Summary of Proposed Rules
The proposed rules would add a new paragraph (i) to Item 407 of the corporate governance disclosure requirements in Regulation S-K. The proposed Item 407(i) would require, in proxy or information statements with respect to the election of directors, disclosure of whether the company permits any employee or director, or any of their designees, to purchase financial instruments or otherwise engage in transactions that are designed to, or have the effect of, hedging or offsetting any decrease in the market value of equity securities (1) granted to the employee or director by the company as compensation or (2) held, directly or indirectly, by the employee or director. The proposed rules do not require companies to prohibit hedging by employees or directors.
Categories of Covered Persons
The proposed rules clarify that the term “employees” includes “officers.” The disclosure would also apply to any employee’s or any director’s “designee,” a status that would be determined by a company based on the particular facts and circumstances. If any permissions regarding hedging apply to certain, but not all, persons covered by the proposed rules (e.g., executive officers but not other employees), companies will need to disclose which categories of persons are permitted to hedge and which are not.
Covered Equity Securities
Equity securities covered by the proposed rules would include those issued by the company, any parent of the company, any subsidiary of the company or any subsidiary of any parent of the company that are registered under Section 12 of the Securities Exchange Act of 1934 (the Exchange Act).
The disclosure required under the proposed rules is not limited to any particular types of hedging transactions and would “cover all transactions that establish downside price protection – whether by purchasing or selling a security or derivative security or otherwise, consistent with the statutory purpose.” A company would be required to disclose the particular types of hedging transactions it permits and those it prohibits.
The proposed disclosure would apply to all companies with securities registered under Section 12 of the Exchange Act, including smaller reporting companies, emerging growth companies and listed closed-end funds. Foreign private issuers would not be required to provide Item 407(i) disclosure.
The proposed disclosure would be required in proxy or information statements for meetings (or consents) at which directors will be elected, regardless of whether they are annual meetings. To reduce duplicative disclosure, the proposed rules would include an instruction to Item 402(b) indicating that a company may satisfy the CD&A requirement in Item 402(b)(2)(xiii) to disclose policies on hedging by named executive officers, if material, by including a cross-reference to its Item 407(i) disclosure.

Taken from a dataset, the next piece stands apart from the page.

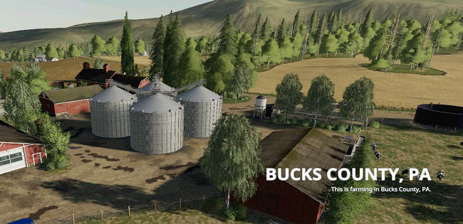 Mod BUCKS COUNTY PENNSYLVANIA V1.0.0.0 for Farming Simulator 2019 Going to establish a farming business in Pennsylvania, USA. The map was created with a claim to a realistic environment. Various custom buildings were used, irregularly shaped fields were made, and much more. Mod Features Posted by Ag Hauler, TNT Modding Credits: Ag Hauler |

The proposed rules would not require Item 407(i) disclosure in registration statements or in Annual Reports on Form 10-K, even if, as is typically the case, the Part III disclosure is incorporated by reference from the company’s definitive proxy or information statement. An instruction would provide that 407(i) information will not be deemed to be incorporated into any filings made pursuant to the Exchange Act, the Securities Act of 1933 or the Investment Company Act of 1940, except to the extent specifically incorporated by reference by the company.

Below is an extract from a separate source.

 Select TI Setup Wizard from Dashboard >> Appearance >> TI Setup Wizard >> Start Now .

The SEC will seek comment on the proposed rules for 60 days following their publication in the Federal Register. SEC Commissioners Gallagher and Piwowar, while voting to approve release of the proposal, issued a joint statement expressing concern over the scope of the proposal. Both the proposing release and the joint statement identify several topics on which the SEC is specifically requesting comments from the public.
2015 Proxy Season
There is currently no effective date specified for the proposed rules, but, given the timing of publication and request for comment, the rules cannot come into effect until late April 2015, at the earliest. The new disclosure will therefore not affect the 2015 proxy season currently underway. However, companies should take the proposed rules into account when reviewing whether their insider trading policies and codes of conduct adequately address their policies on hedging transactions and when drafting proxy statement disclosure regarding company hedging policies.